Inspection & Packaging Team Lead, 3rd Shift

The Inspection/Packaging Lead is a key role within INCOG BioPharma Operations. The ideal candidate must have experience in the inspection and packaging of sterile drug products.

The primary responsibility of the Inspection/Packaging Team Lead is to perform continuous monitoring of the inspection process and provide in-process daily review of batch records and form entries. They will also perform inspections to identify and remove defects from finished products according to standard procedures. Ensuring compliance with quality standards, maintaining product quality, and minimizing equipment downtime are essential. The candidate will collaborate with internal partners, clients, and vendors to meet and exceed production standards.

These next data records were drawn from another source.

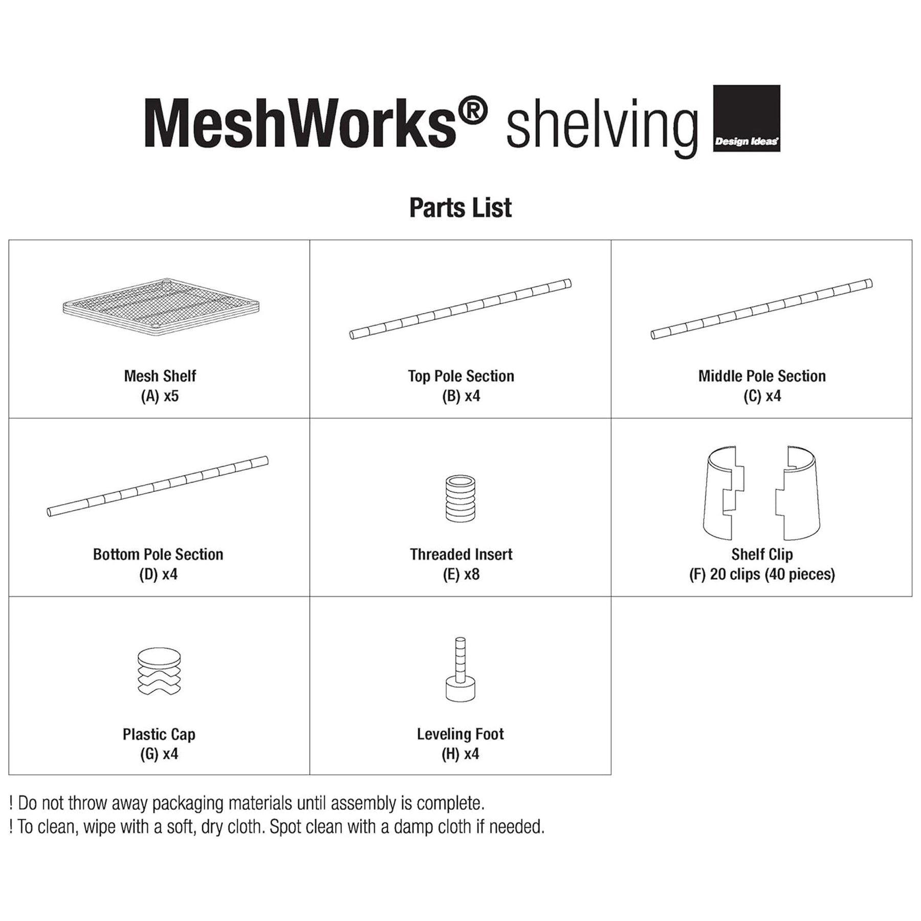 • Easy to assemble with no tools required and comes with 8 poles, 4 pole connectors, 4 leveling feet, 5 shelves 20 sets of locking clips, and assembly instructions
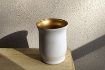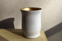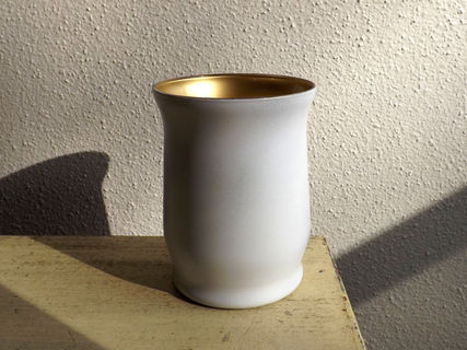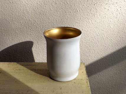 I've painted this glass vase for a beautiful two-toned effect - white shows on the outside, with gold showing on the inside. No paint is actually inside the vase, so it is completely safe for floral use.
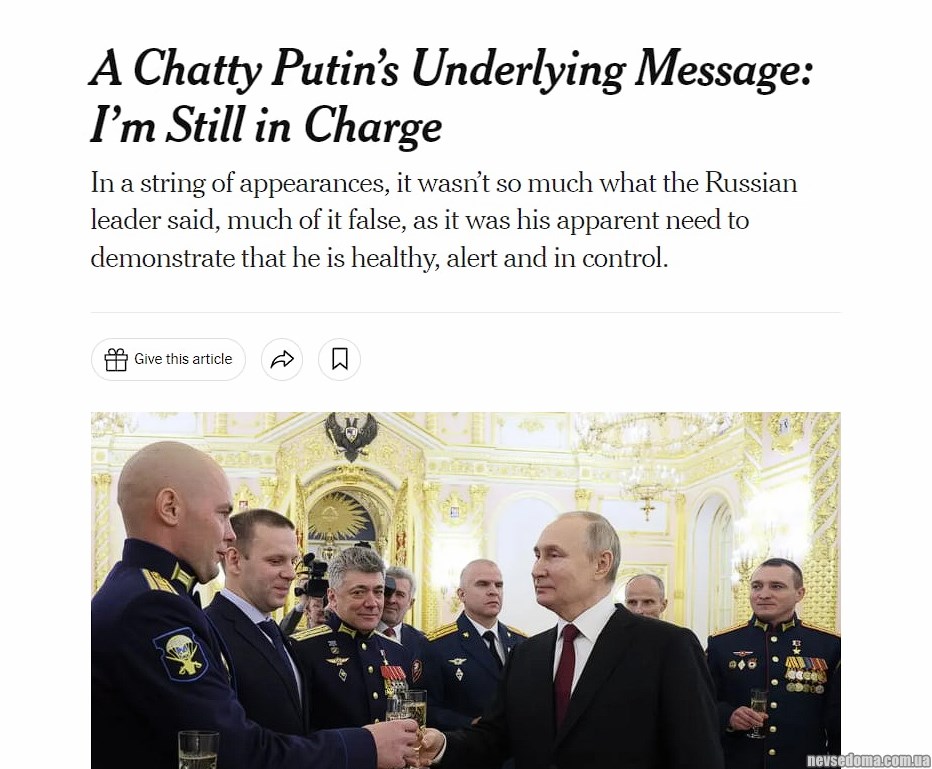 У NYT заявили, що самі собою поява Путіна – послання диктатора. Він хоче зробити вигляд, що здоровий, пильний і все ще може керувати.

This is a 3rd Shift position, with hours from 11:00 PM to 7:30 AM.

1. Assist Inspection Supervisor in supporting a team of 6-10 associates in inspecting and packaging syringes and vials.
2. Follow production and manufacturing procedures.
3. Inspect filled products for cosmetic, particle, and integrity defects.
4. Reconcile finished inspected/packaged products and defects.
5. Assist in writing and implementing process documents.
6. Operate equipment per SOPs.
7. Ensure compliance with cGMP requirements.
8. Complete and review production records, logbooks, and forms.
9. Assist with Knapp and probability of detection studies.
10. Train and mentor new inspectors and associates.
11. Train new employees on inventory transactions in the ERP system.
12. Support other manufacturing functions as needed.
13. Perform duties in Grade C, D, and controlled non-classified cleanrooms.
14. Perform cleaning and sanitization activities.
15. Collaborate with cross-functional teams.
16. Work flexible hours for facility coverage.

• At least 2 years of GMP pharmaceutical experience in drug product inspection and/or packaging.
• Must pass health and visual acuity checks annually.
• Keen attention to detail and ability to focus for extended periods.

• Manufacturing leadership experience.
• Good math and documentation skills.
• Ability to learn and adapt quickly.
• Good observation skills.
• Initiative and collaboration skills.
• Effective organization and diligence.
• Ability to work independently.

We are building a world-class CDMO for parenteral injectable drugs, emphasizing service, technical excellence, and collaboration. Our GMP facility is being built from the ground up, offering opportunities to create innovative systems and processes. Positions are based in Fishers, IN. INCOG BioPharma is an Equal Opportunity Employer committed to diversity and inclusion.